We generally may offer investment advice on a variety of securities including without limitation
the following: equity securities, equity-linked securities, mutual fund shares, limited partnership
interests, membership interests, fixed income securities, notes, debentures, convertible securities,
depositary receipts, related rights, options (including without limitation, listed and over-the-
counter options and the writing of options, whether or not covered), warrants, other securities,
currencies and commodities, futures contracts, forward contracts, swaps, options on the foregoing,
other derivative instruments and hybrid instruments, and other instruments and investments, in
each case of every kind and character, traded on United States and non-United States markets
(including over-the-counter markets) and exchanges.
We generally will not advise or act for clients in legal proceedings, including class actions or
bankruptcies, involving securities purchased or held in clients’ accounts.
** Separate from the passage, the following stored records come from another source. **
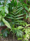 テーブルヤシはメキシコ原産のヤシ科の観葉植物です。熱帯地域の観葉植物ですが、標高が1000m以上の高い森の中に生育しているので、明るい日陰と空中湿度を好みます。標高の高い所に生息しているので、寒さも比較的強い部類の観葉植物です。少々暗い所で寒さにも比較的強いので、玄関などの日当たりの悪い所でも育てる事ができます。種まきされた小さなテーブルヤシが売られているのをよく見かけ、ハイドロカルチャーやミニ観葉植物の素材にも利用されています。テーブルヤシは大きくなっても2mぐらいにしかなりません。 |
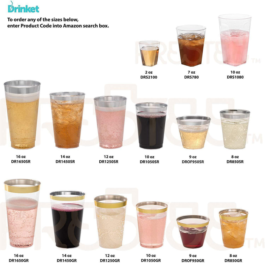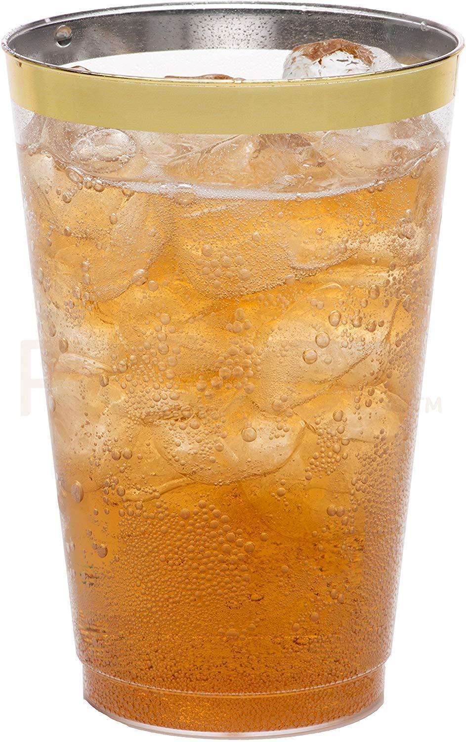 • 14oz cups gold trimmed plastic cups 50 count per pack are great for wine whiskey cocktail punch juice and elite water drinking cup
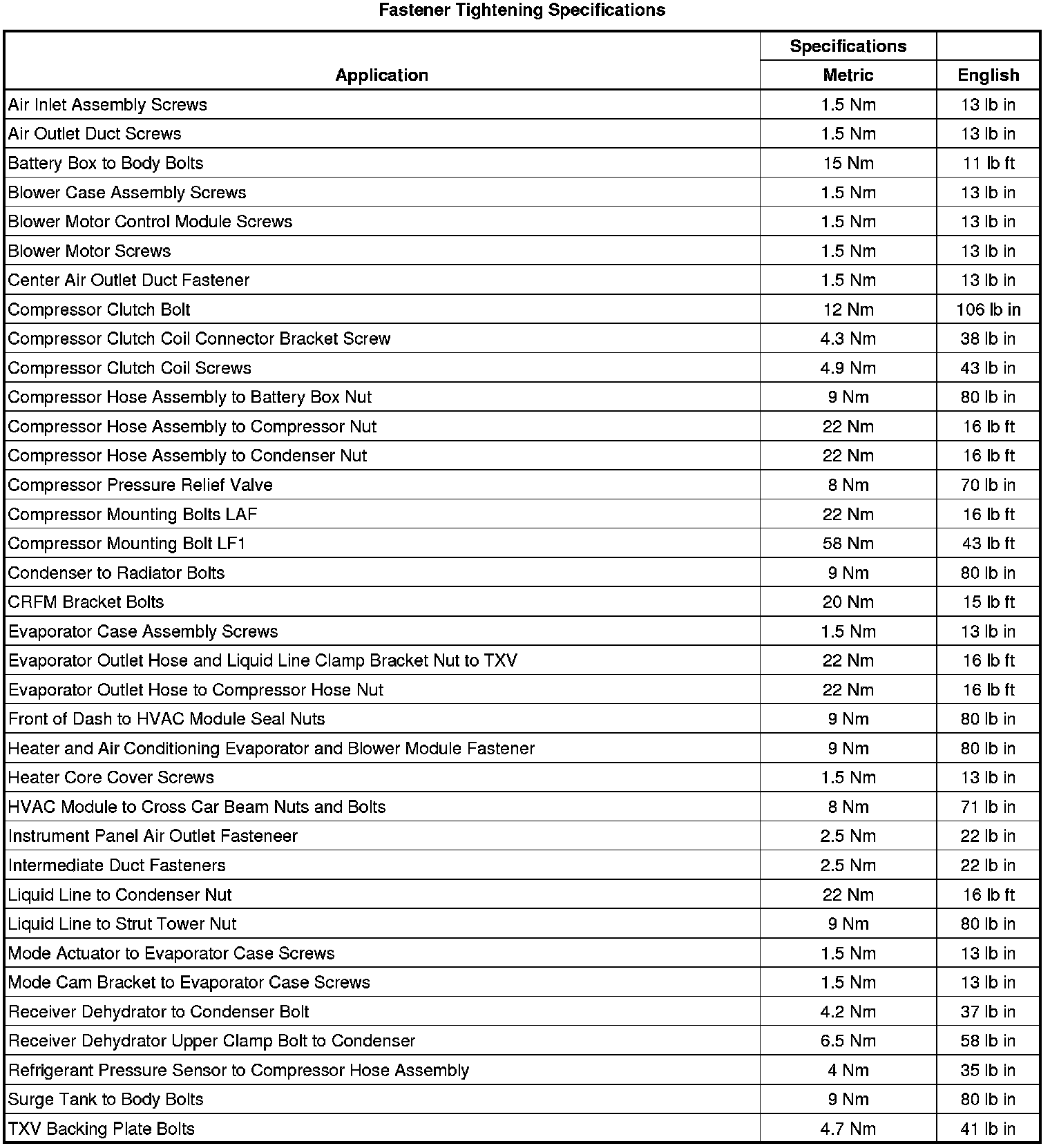 Fastener Tightening Specifications

Commercially
reasonable efforts are used to transmit copies of class action notices we receive to the client or the
client’s designee and we will not be responsible for reasonable delays in transmission.
The Firm provides investment advisory services and in some cases execution of client transactions
for wrap fee programs, but does not sponsor wrap fee programs. Other than the range of allowed
client-imposed restrictions and trading related aspects, wrap fee accounts are generally managed
to the same investment strategies as non-wrap fee accounts. A portion of the wrap fee is paid to
us as the compensation for our services.
The Firm is greater
than 25% owned by Westchester Limited EP, LLC. Paul E. Viera indirectly
owns more than 25% of the Firm through Westchester Limited EP, LLC and The PEV Revocable
Living Trust.
The amount of client assets managed as of December 31, 2023:
Discretionary basis: $35,213,018,855
Non-discretionary basis: $ 76,433,368
Total: $35,289,452,223
For purposes of claiming compliance with the CFA Institute’s Global Investment Performance
Standards (GIPS®), the Firm has defined its Institutional Division and Non-Institutional Division
as separate firms. The Non-Institutional Division currently consists of advisory programs under
which a fee, not based directly upon transactions in a client’s account, is charged for investment
advisory services and in some cases the execution of client transactions (i.e. wrap fee programs).
Only the Institutional Division claims compliance with GIPS® and as a result, the Institutional
Division’s assets under management (AUM) will be presented when marketing the Institutional
Division’s investment performance. The AUM for both Divisions will be shown for regulatory
purposes (i.e. Form ADV, prospectuses, etc.). The Non-Institutional Division performance will be
related performance which means the performance results of one or more related portfolios as a
composite aggregation of all portfolios falling within the stated criteria. Related portfolio means a
portfolio with substantially similar investment policies, objectives, and strategies as those of the
services being offered in the advertisement. Actual client portfolios and actual client performance
may vary significantly from related portfolios and related performance, depending on client
restrictions, guidelines, inception date, size of the account, and other factors.